Interpretive Summary: Animal production plays a vital role in USA agriculture, both in terms of economic prosperity and food stability. However, the concentration of animals feeding operations makes the treatment of the resultant wastes a more complex matter than the historical land spreading of manures on croplands. The treatment complexity can be exacerbated by issues such as odors, pathogens, and residential encroachment. In the case of swine wastewater, producers often treat the wastewater via anaerobic lagoons. This practice proves effective as long as sufficient land is available for balanced application of nutrients and reasonably non-offensive odors. If land application rates exceed crop uptake rates, excess nutrients can contaminate surface and ground waters. Thus, there has been interest in practices that can keep the nutrient load in balance with the available cropland. For the past several decades, wetlands have been utilized for the treatment of agricultural, municipal, and residential wastewaters. For the treatment of these wastewaters, wetlands were considered to be natural, operationally passive, relatively cost effective, and simple in design and operation. In regard to animal wastewater, the use of constructed wetlands has focused primarily on reducing nutrient mass load, especially N; the concomitant result being the reduction of cropland necessary to assimilate the remaining nutrients. Constructed wetlands have demonstrated the ability to treat large quantities of nutrients. They have been reported to remove N at 70–95% efficiency when N loading rates were much higher than could be applied to cropland. Most of this loss is via a microbial process call denitrification in which nitrogen is converted to inert di-nitrogen gas. We measure denitrification in the soil, detritus, and sludge layer. In all three layers, there was significant denitrification. However, the sludge layer had the highest rates.
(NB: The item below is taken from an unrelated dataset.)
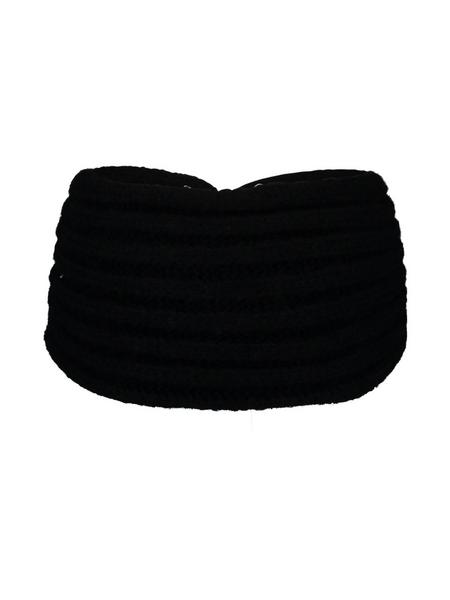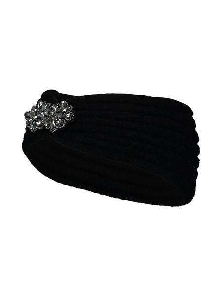 Das grob gestrickte Stirnband hat ein farblich abgestimmtes Glitzersteinelement auf der Vorderseite.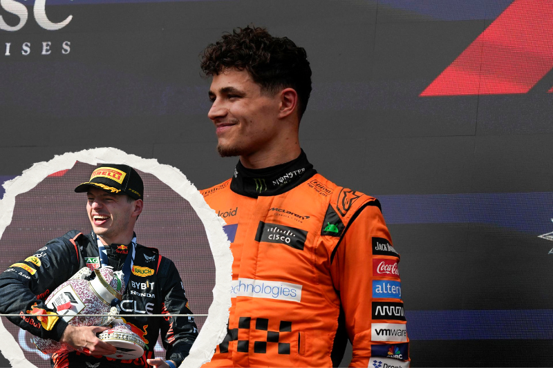 Lando Norris pasó un vergonzoso momento en la celebración junto a Max Verstappen cuando intentaba descorchar el champán con su ya característica manera de golpear ligeramente la base de la botella. Solo que, en aquella ocasión, en lugar de ayudarse del piso como regularmente hace, optó por el podio donde reposaba el trofeo del piloto de Red Bull.

Technical Abstract: The management of N from animal wastes is important to global agriculture. One method for managing this N is the use of constructed wetlands to obtain substantial removal of N via denitrification. The objectives of this study were to 1) evaluate the denitrification enzyme activity (DEA) rates in wetland soil, detritus, and sludge layers; and 2) determine how well wetland and wastewater conditions would predict DEA rates in the sludge layer under different treatment conditions. The study used four wetland cells (3.6 x 33.5 m) with two cells connected in series. The wetlands were planted with species of Juncus, Schoenoplectus, Scirpus, Sparganium, and Typha. Each wetland received either untreated or partially nitrified swine wastewater from a single cell anaerobic lagoon. From July 2000 through August 2001, the DEA of the soil, detritus, and sludge layers of the constructed wetlands was measured by the acetylene inhibition method. The DEA values of all three layers indicated significant denitrification – it was limited by nitrate but not by carbon. The soil layer control treatment had a mean DEA of 0.65 ± 0.31 µg N2O-N/g soil/h. The soil layer was somewhat lower in DEA than the detritus layer. Specifically, the detritus layer control treatment had a DEA rate of 1.50 ± 1.09 µg N2O-N/g detritus/h. The overwhelmingly highest rate of DEA was found in the sludge layer. Its control treatment had a DEA rate of 18.3 ± 10.5 µg N2O-N/g sludge/h. his rate of DEA was consistent with the fact that these wetlands removed very high rates of wastewater N.